DATA SHOWN:
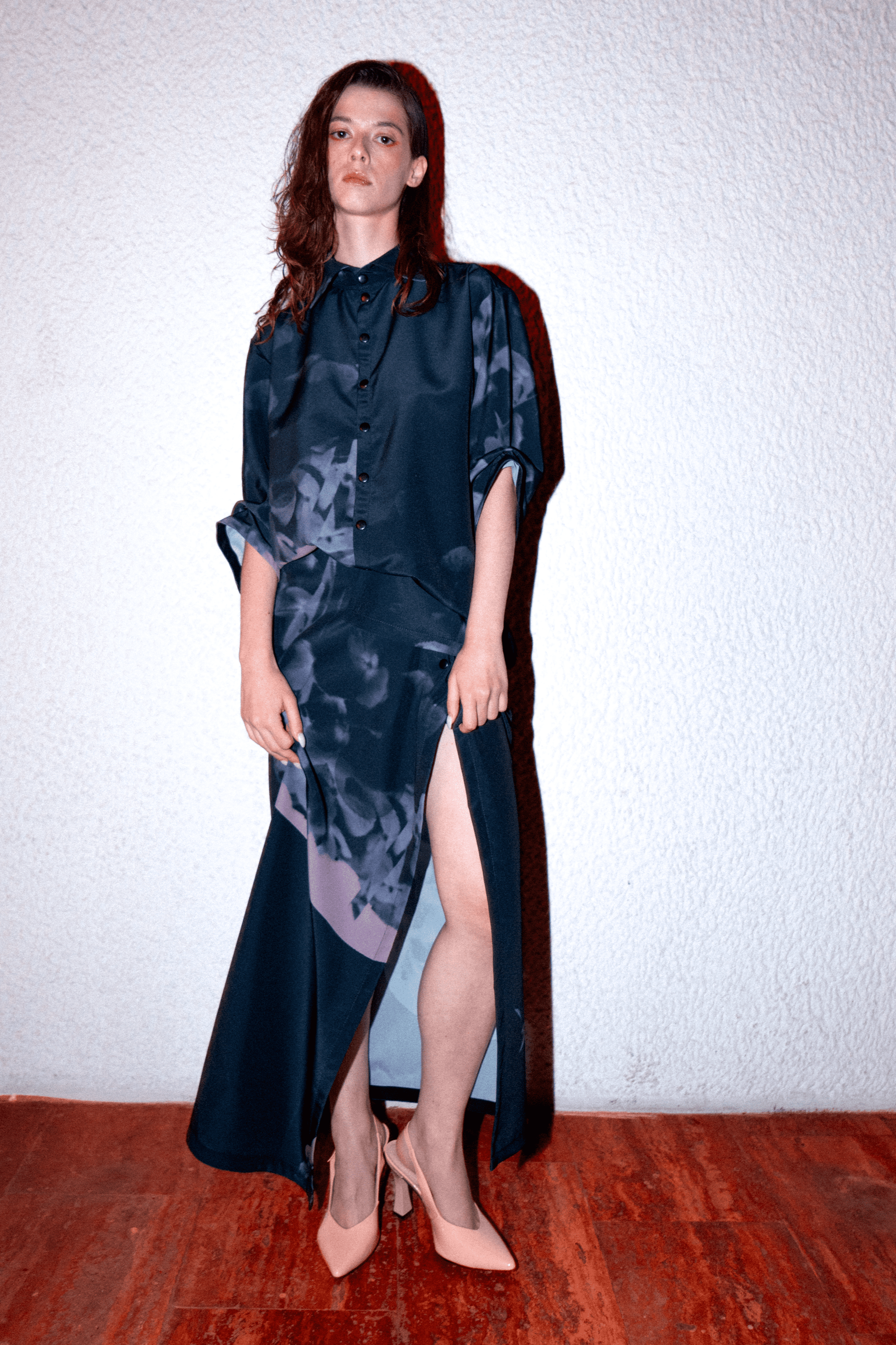 The hydrangea printed shirt and skirt ensemble features a vibrant floral design, combining elegance with a touch of bold style. The skirt is accentuated by a chic front slit, adding a modern twist to the classic, feminine silhouette.
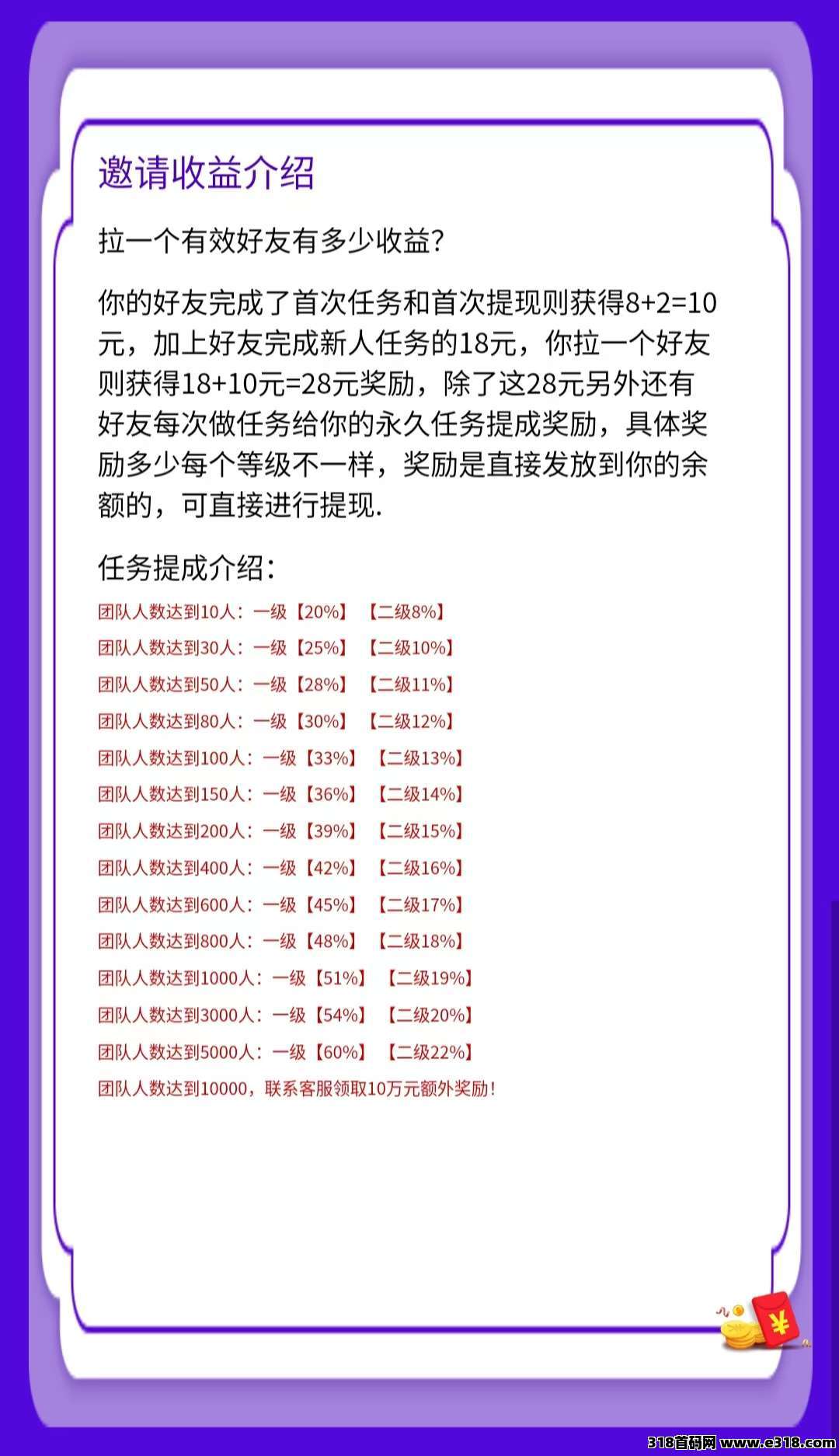 1,一级好友首次做任务奖励你8元,二级好友首次做任务奖励你2元。
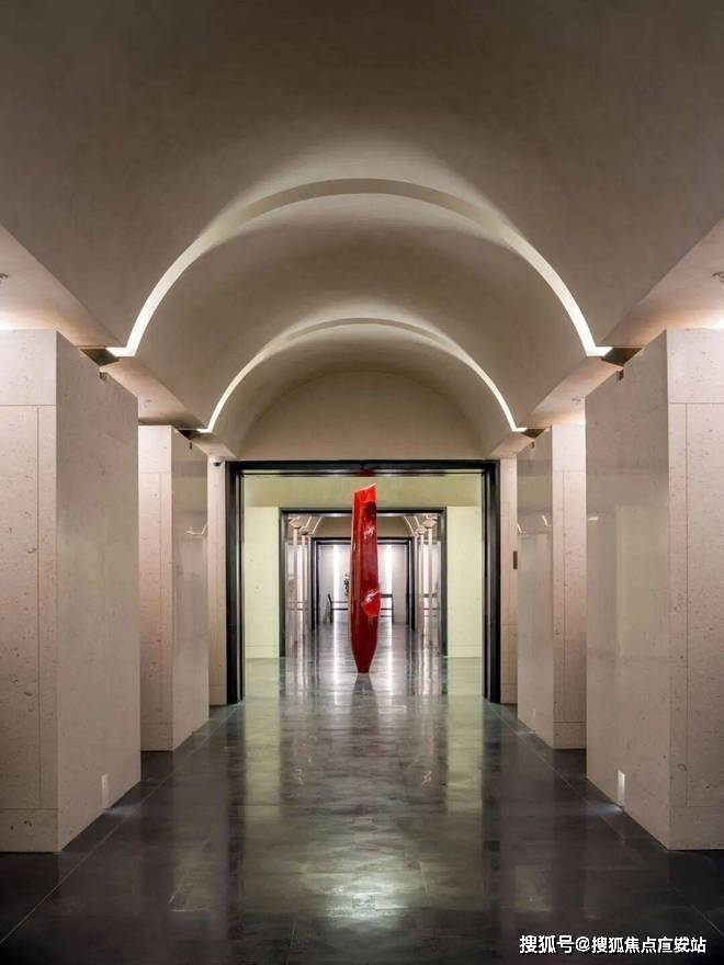 比如,艺术感与质感并存的车库,以及全石材地面铺装的车库大堂。
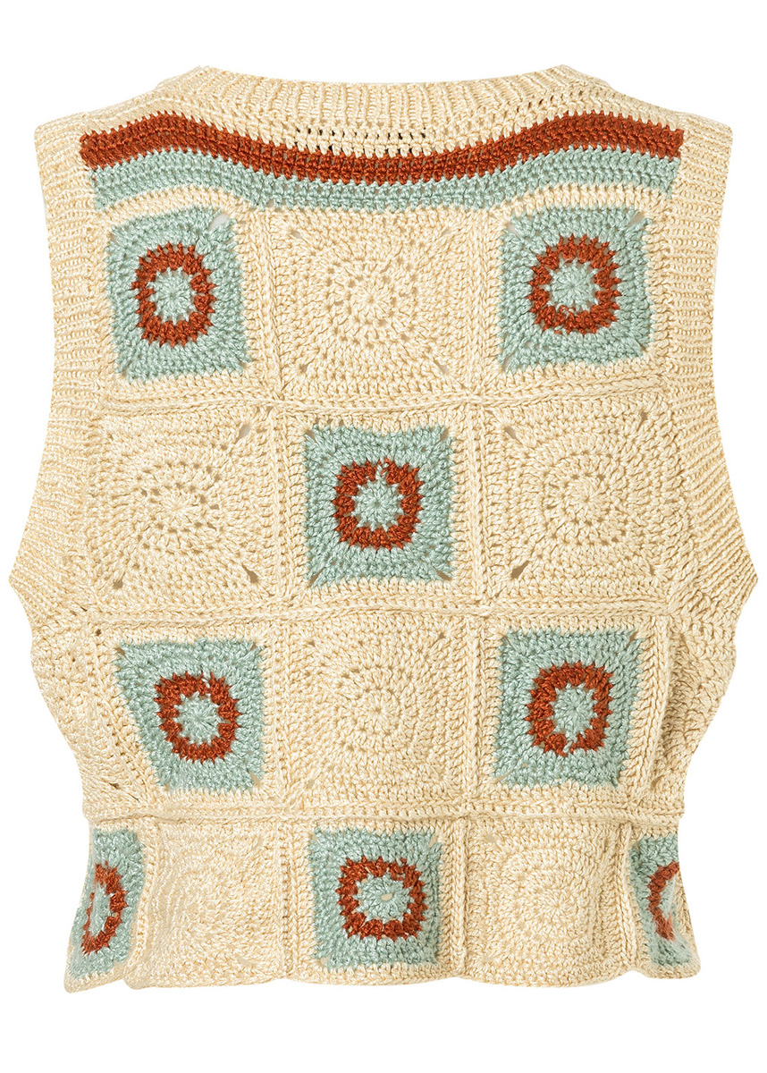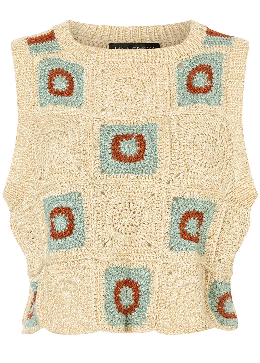 „Linarte“ (40% viscose, 30% katoen, 20% linnen, 10% polyamide, ll. = ca. 125 m/50 g) van Lana Grossa: 250 g crème (kl. 310) en telk. 50 g mint (kl. 309) en kaneelbruin (kl. 314); 1 haaknaald nr. 4 en 1 rondbreinaald nr. 3, 50 cm lang

WHAT IS BEING ASKED:
Repeat the data exactly, without the pictures.

EXERCISE SOLUTION:
 The hydrangea printed shirt and skirt ensemble features a vibrant floral design, combining elegance with a touch of bold style. The skirt is accentuated by a chic front slit, adding a modern twist to the classic, feminine silhouette.
 1,一级好友首次做任务奖励你8元,二级好友首次做任务奖励你2元。
 比如,艺术感与质感并存的车库,以及全石材地面铺装的车库大堂。
 „Linarte“ (40% viscose, 30% katoen, 20% linnen, 10% polyamide, ll. = ca. 125 m/50 g) van Lana Grossa: 250 g crème (kl. 310) en telk. 50 g mint (kl. 309) en kaneelbruin (kl. 314); 1 haaknaald nr. 4 en 1 rondbreinaald nr. 3, 50 cm lang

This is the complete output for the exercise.